HARU_CHAT_HEADER_TIMEOUT_MS TTFB bound for the chat proxy (default 30000). Raise it for long non-streaming completions: their response headers only arrive after full generation. Any value is honored exactly: chat traffic runs on a dedicated dispatcher with undici's own headers/body idle timers disabled, so the bound is not capped at 300s and a streaming body that goes quiet mid-generation is never severed by the transport.
HARU_SNAPSHOT_CACHE_TTL_MS Fleet snapshot cache TTL on the chat hot path (default 2000). Routing-pointer moves surface immediately regardless (every request revalidates against the fleet's route revision); this only bounds slot-state staleness.
HARU_CHAT_MAX_BODY_BYTES Max chat request body size in bytes (default 33554432 = 32 MiB); a larger body gets 413 payload_too_large. The proxy must buffer the whole body to read model and forward it byte-identically, so this caps per-request memory. Raise it for very large multimodal or long-context payloads.
HARU_RECONCILE_INTERVAL_MS Enables the background reconcile loop at this interval. Unset means no loop: heartbeats, autoFailover, and operation progress then only run when something POSTs /v1/fleets/:id/reconcile (e.g. external cron).
HARU_RECONCILE_FLEETS Comma-separated fleet slugs the loop reconciles (falls back to HARU_DEFAULT_FLEET).

The supervisor reads PORT (default 8701), HARU_SUPERVISOR_TOKEN, and HARU_SUPERVISOR_CONFIG (inline JSON or a file path). The seed script reads DATABASE_URL and optionally HARU_FLEET_LAYOUT.

Consumer contract for the chat proxy

  • POST /v1/chat/completions with a normal OpenAI-style JSON body. model selects the serving vLLM instance on the active domain; every other field (including vendor extensions) is forwarded byte-identically.
  • X-Haru-Fleet: <slug-or-uuid> picks the fleet; falls back to HARU_DEFAULT_FLEET.
  • Responses stream through untouched (SSE or JSON). Errors use { "error": { "code", "message" } } with codes such as fleet_not_found, model_not_found, no_active_domain, upstream_timeout, upstream_unreachable.

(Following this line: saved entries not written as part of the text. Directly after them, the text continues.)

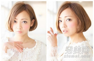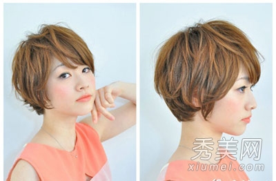 可爱的斜刘海,短卷发散发出甜美的味道。新鲜的头发让人看起来更瘦更高。发色非常时尚,短发女孩是不错的选择。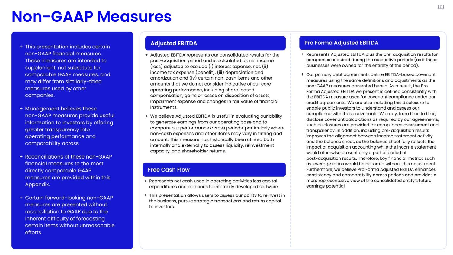 83 Adjusted EBITDA + Adjusted EBITDA represents our consolidated results for the post - acquisition period and is calculated as net income (loss) adjusted to exclude (i) interest expense, net, (ii) income tax expense (benefit), (iii) depreciation and amortization and (iv) certain non - cash items and other amounts that we do not consider indicative of our core operating performance, including share - based compensation, gains or losses on disposition of assets, impairment expense and changes in fair value of financial instruments. + We believe Adjusted EBITDA is useful in evaluating our ability to generate earnings from our operating base and to compare our performance across periods, particularly where non - cash expenses and other items may vary in timing and amount. This measure has historically been utilized both internally and externally to assess liquidity, reinvestment capacity, and shareholder returns. Non - GAAP Measures + This presentation includes certain non - GAAP financial measures. These measures are intended to supplement, not substitute for, comparable GAAP measures, and may differ from similarly - titled measures used by other companies. + Management believes these non - GAAP measures provide useful information to investors by offering greater transparency into operating performance and comparability across. + Reconciliations of these non - GAAP financial measures to the most directly comparable GAAP measures are provided within this Appendix. + Certain forward - looking non - GAAP measures are presented without reconciliation to GAAP due to the inherent difficulty of forecasting certain items without unreasonable efforts. Pro Forma Adjusted EBITDA + Represents Adjusted EBITDA plus the pre - acquisition results for companies acquired during the respective periods (as if these businesses were owned for the entirety of the period) . + Our primary debt agreements define EBITDA - based covenant measures using the same definitions and adjustments as the non - GAAP measures presented herein. As a result, the Pro Forma Adjusted EBITDA we present is defined consistently with the EBITDA measure used for covenant compliance under our credit agreements. We are also including this disclosure to enable public investors to understand and assess our compliance with those covenants. We may, from time to time, disclose covenant calculations as required by our agreements; such disclosures are provided for compliance assessment and transparency. In addition, including pre - acquisition results improves the alignment between income statement activity and the balance sheet, as the balance sheet fully reflects the impact of acquisition accounting while the income statement would otherwise present only a partial period of post - acquisition results. Therefore, key financial metrics such as leverage ratios would be distorted without this adjustment. Furthermore, we believe Pro Forma Adjusted EBITDA enhances consistency and comparability across periods and provides a more representative view of the consolidated entity’s future earnings potential. Free Cash Flow + Represents net cash used in operating activities less capital expenditures and additions to internally developed software. + This presentation allows users to assess our ability to reinvest in the business, pursue strategic transactions and return capital to investors.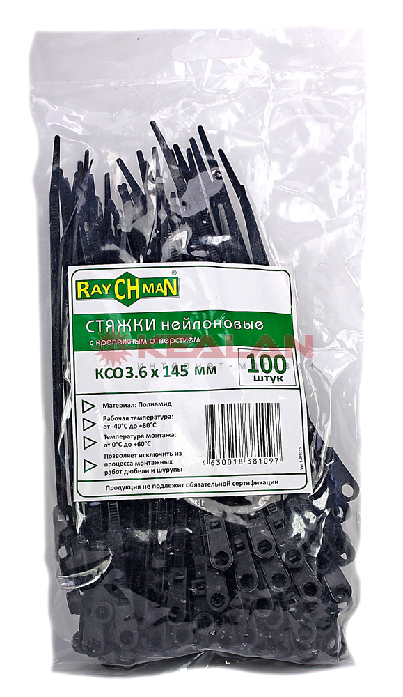 СООБЩИТЬ О ПОСТУПЛЕНИИМы вам напишем :-)Raychman КСО 3,6х145 стяжки нейлоновые с отверстием, черные, длина 145 мм, ширина 3,6 мм, в упаковке 100 шт.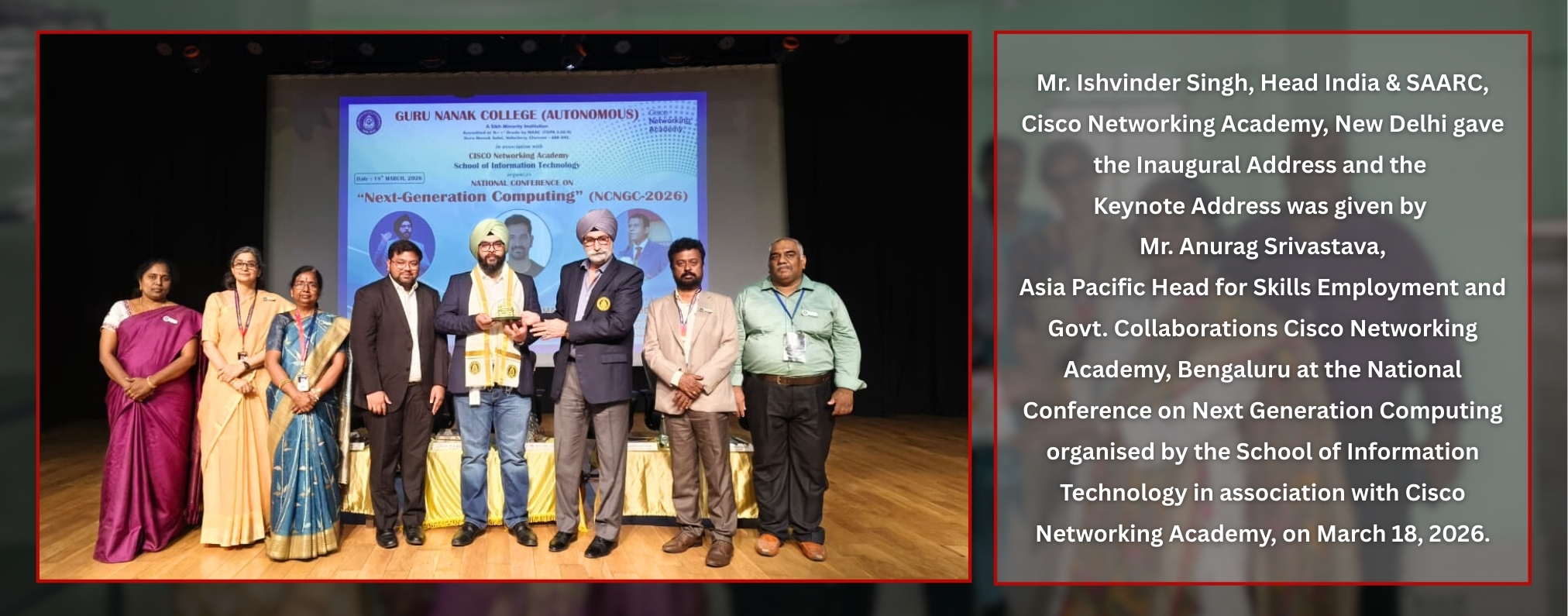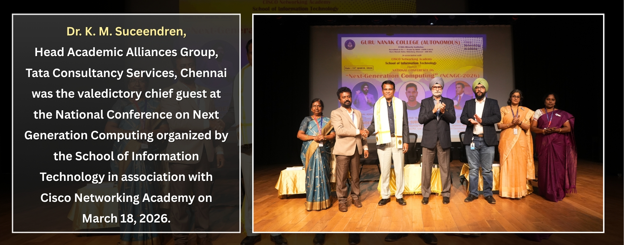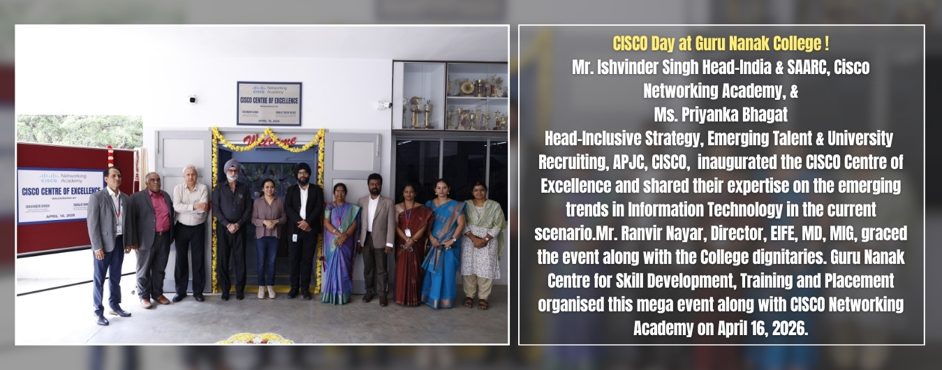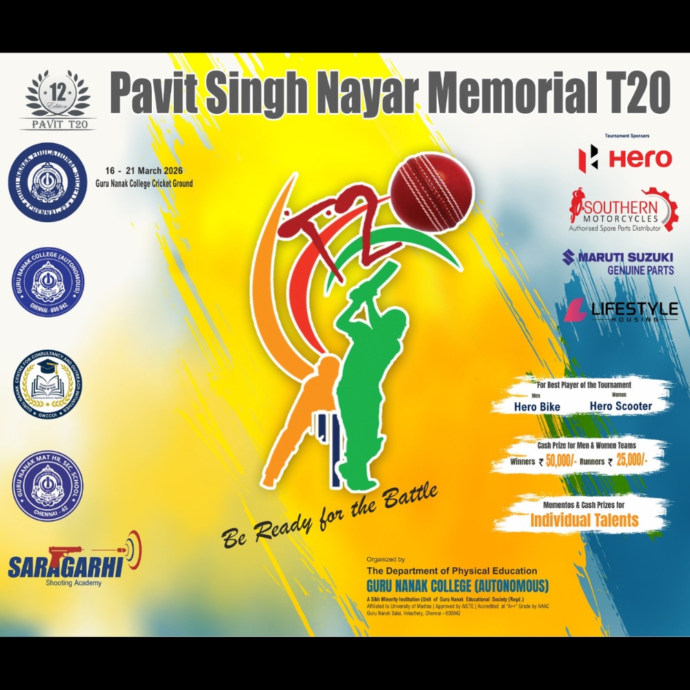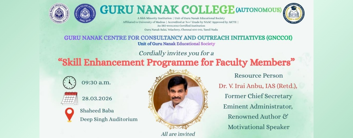 The Guru Nanak College, (GNC) in a lush green 25-acre campus, cradled between the Raj Bhavan and the campus of the IIT-Madras, facing the Guru Nanak Salai, is located in Velachery, South Chennai - the gateway to the IT expressway of Tamil Nadu.

vLLM requirements (supervisor hosts)

Every vLLM server managed by a Haru supervisor must be started with:

  • --enable-sleep-mode and VLLM_SERVER_DEV_MODE=1 (the sleep/wake admin endpoints are development-mode endpoints),
  • bound to 127.0.0.1 only.

The sleep/wake/is_sleeping endpoints are private, local-only controls. They are never exposed beyond the host; the supervisor's authenticated API is the only external control surface, and the haru-server chat proxy is structurally unable to reach them (it only ever constructs /v1/chat/completions paths). Verify the endpoint paths against your deployed vLLM version; this repo pins its behaviour in services/haru-supervisor/src/vllm-client.ts.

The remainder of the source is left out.